# Pine Valley rifle?



## stillhunterman (Feb 15, 2009)

Howdy fellers and gals, will be down on PV for the rifle hunt, and had a question about the migrations down there. Spoke to a G warden that mentioned the deer start moving out at different times, going north of Enterprise and south towards St. George, but not real helpful. Not a lot of info in the archives here on the unit, kinda tight lipped so to speak.

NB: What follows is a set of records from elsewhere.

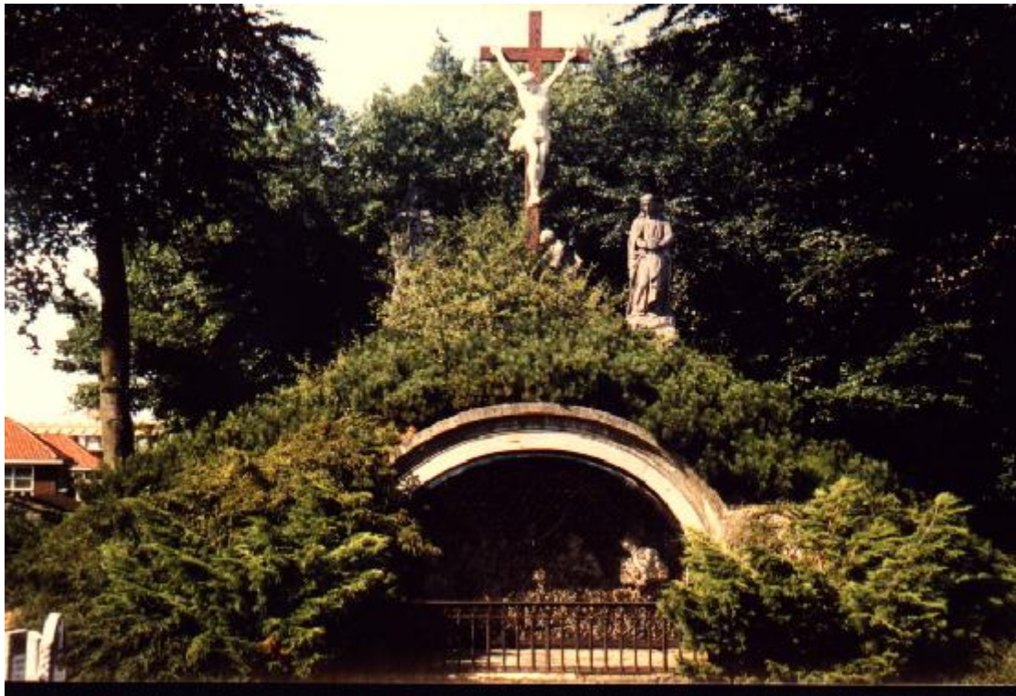
Calvarie berg anno 1977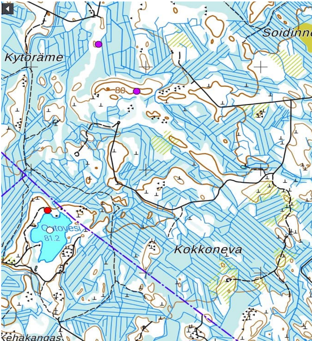
Liite 1. Kokkonevan malminetsintäalueelta ja sen läheisyydestä tiedossa olevat arkeologiset kohteet. Punaiset pisteet ovat tiedossa olevia maastossa tarkastettuja kiinteitä muinaisjäänöksiä. Violetit pisteet ovat lidarkarttojen perusteella rekisteröityjä mahdollisia muinaisjäänöksiä (tervahautoja).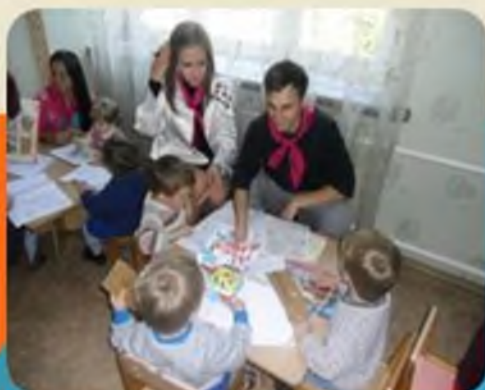
Департамент “ Милосердя”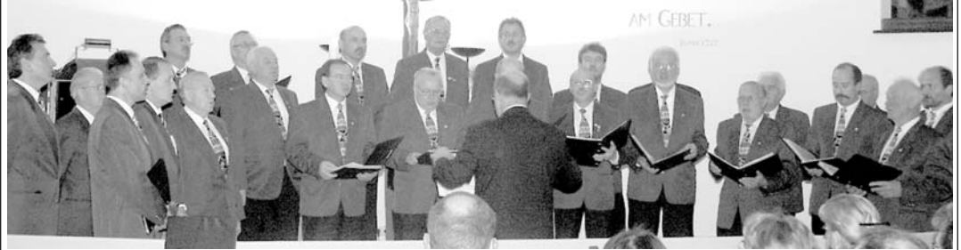
Der MGV Langendorf feiert in diesem Jahr sein 80-jähriges Bestehen

Alle Bürgerinnen und Bürger sind herzlich zu dieser Veranstaltung eingeladen.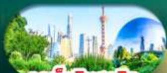
จุดเช็กอินสุดฮิต North Bund Shanghai

เซี่ยงไฮ้ หางโจว ล่องทะเลสาบซีหู ฟรีเดย์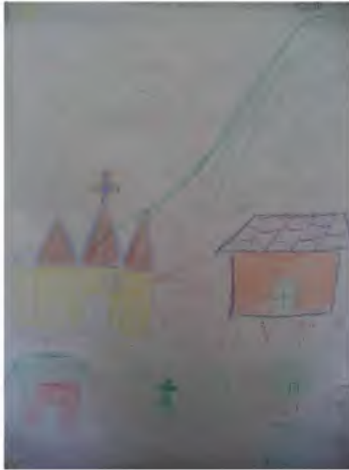
Foto 2. Cartografía social

Fuente: artesanos (Inspección de San Andrés municipio de Santiago). Taller de cartografía social, Octubre de 2014.

Anyway, am going to be hunting the PV wilderness area and was wondering how long that herd holds out (generally) before starting to move out? My reasoning is if the wilderness kicks my old butt too bad, and I have to hunt other areas, I don't want to hunt areas where most of the other hunters will be, which I'm thinking will be where the buckies migrate to. Appreciate any info, and pms would be more than fine.

Thanks!


----------



## RidgeRebel (Feb 1, 2012)

Not sure were you are planning on hunting, but most of the deer will be lower during the rifle hunt. Utah hill would probably be a good bet this year with the hunt being a tad later. There is plenty of rugged country out there that most people are not willing to gt into and I have seen many great deer come from Utah hill. The Blake and Gubler area East of Diamond Valley can also be pretty good. On the East side of the unit check out Harmony Mountain (known as Bumble Bee to the locals). There are always good bucks up there during the hunt, but you will have to get into the rough away from the crowds. It doesn't hurt to hunt week days there as well. Good luck


----------



## ridgetop (Sep 13, 2007)

You know I'm willing to help when your ready to take some notes.
Call me any time.


----------